Комиссар, ожидая ответа, перекрутил кончик салфетки с отогнутыми краями, соорудив из неё подобие самолётика.
- Кнут инстинкта, - чуть помедлив повторил Мишель Рамбо. - Да, пожалуй; но, понимаете... сейчас, секундочку... - Он тоже взял салфетку, но не согнул её, а скатал в тонкую трубочку, наподобие косички... - Но, понимаете ли, тут та же самая иронично-скорбная парадоксальность. Мы не хотим уподобиться неразумной живности?
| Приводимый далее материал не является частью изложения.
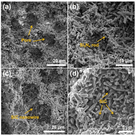 The morphology of the samples is shown in Figure 1. The results show that the pore diameter of the porous Si3N4 ceramic is approximately 17 μm, and it is composed of rod-like structures, with a porosity of 64.3%. Figure 1c shows that in the Si3N4 ceramic pores with a higher content of iron impurities, PCS transforms into SiC nanowires after pyrolysis and heat treatment. Under the action of the metal catalyst, SiO and CO gases generated by the pyrolysis of PCS are dissolved in metal droplets to form SiC nanocrystals and grow in the direction that is conducive to thermodynamics, and then gradually form SiC nanowires [33]. In contrast, PCS did not transform into SiC nanowires in Si3N4 ceramics prepared from higher-purity B-type Si3N4 powder but instead distributed as SiC layers on the pore walls. SiC phases with different morphologies and structures were grown in Si3N4 ceramics obtained from different types of Si3N4 powders under the same processing conditions. Subsequently, by comparing the dielectric properties of SiCnw/Si3N4 and SiC/Si3N4, it will be more conducive to revealing the high-temperature wave absorption mechanism of SiC nanowires.
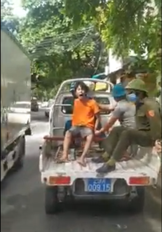 Sau một hồi đôi co, lực lượng chức năng yêu cầu đối tượng này về trụ sở làm việc. Tuy nhiên, hắn ta liên tục tháo khẩu trang, chửi bới không chịu chấp hành. Các cán bộ trực chốt sau đó buộc phải khống chế đối tượng lên xe công vụ.
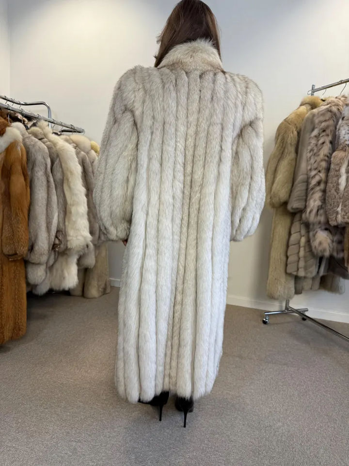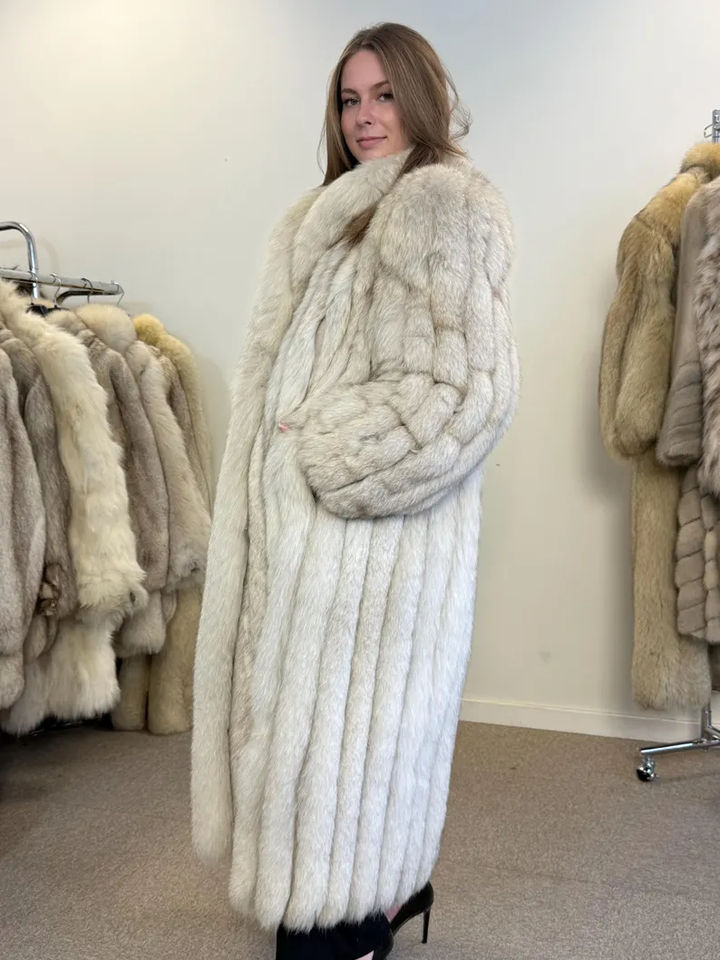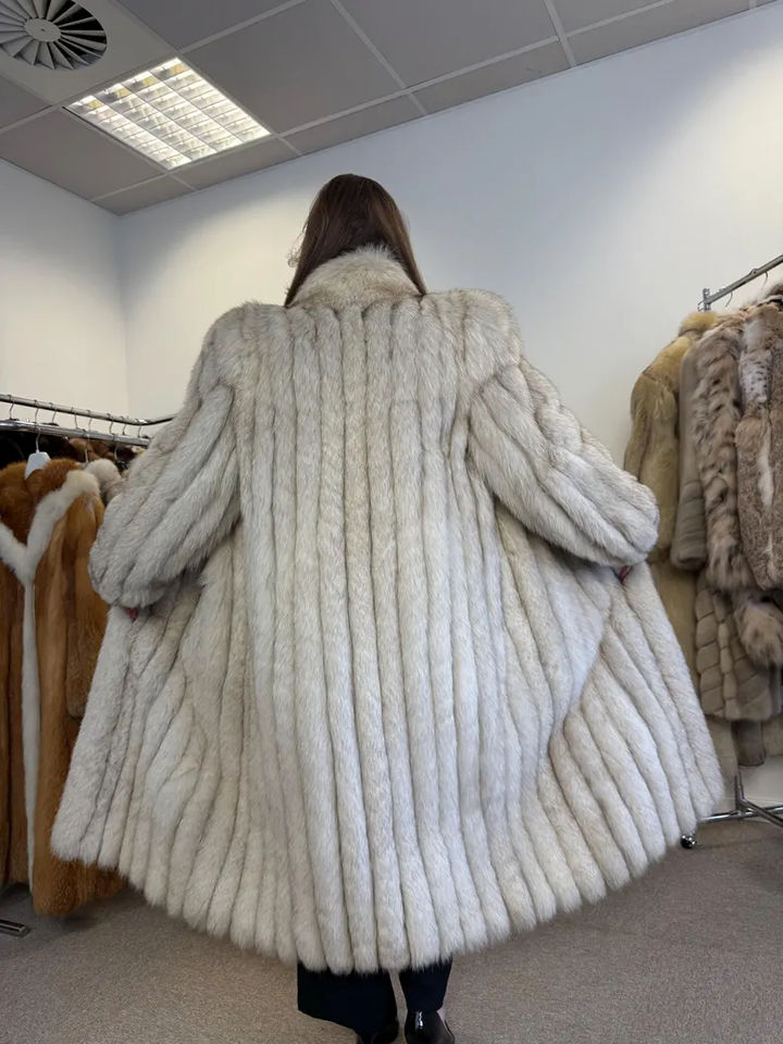 Cappotto Lungo di Pelliccia di Volpe Vera di Lusso Personalizzato da Donna, Trench Invernale Caldo in Colore Naturale

Прекрасно, но... но вот, например, возьмите довольно характерный в устах политиков штамп: "Террористы не заставят нас..."... Ну, и далее варианты - "предаться мстительной истерии", "отказаться от принципов демократии и права", "свернуть с пути мира..." Нечто подобное произносилось, кстати, и после крушения нью-йоркских башен-близнецов... Резюме - мы будем и дальше такими, как были. Но, если вдуматься, - что это более всего напоминает? Да просто-напросто - сезонное поведение дичи!.. Волки хватают добычу, а олени... они не будут жить иначе, не понесутся на хищников, чтобы растоптать и уничтожить их, - нет, они будут всё так же стукаться рогами, сшибаясь из-за самочек... Они верны своему образу жизни, их "кнут" - набор инстинктов, присущих травоядным... Мы-то, конечно, мыслим и осознаём, и вполне сознательно поклоняемся тем самым идолам - "миру", "ненасилию", "сдержанности"; но, поклоняясь им, мы влагаем в их неживые... - тут он запнулся с неким ожесточением, - влагаем в их неживые щупальца бич, ещё более унижающий и низводящий до чего-то вроде фауны. Бич, который, хлеща, сбивает нас в стадо, мирящееся с тем, что из него то и дело выхватываются отдельные члены. В стадо, не имеющее не только возможности, но и самого побуждения выбрать иную стезю. И разве это не самая настоящая "потеря самих себя..."?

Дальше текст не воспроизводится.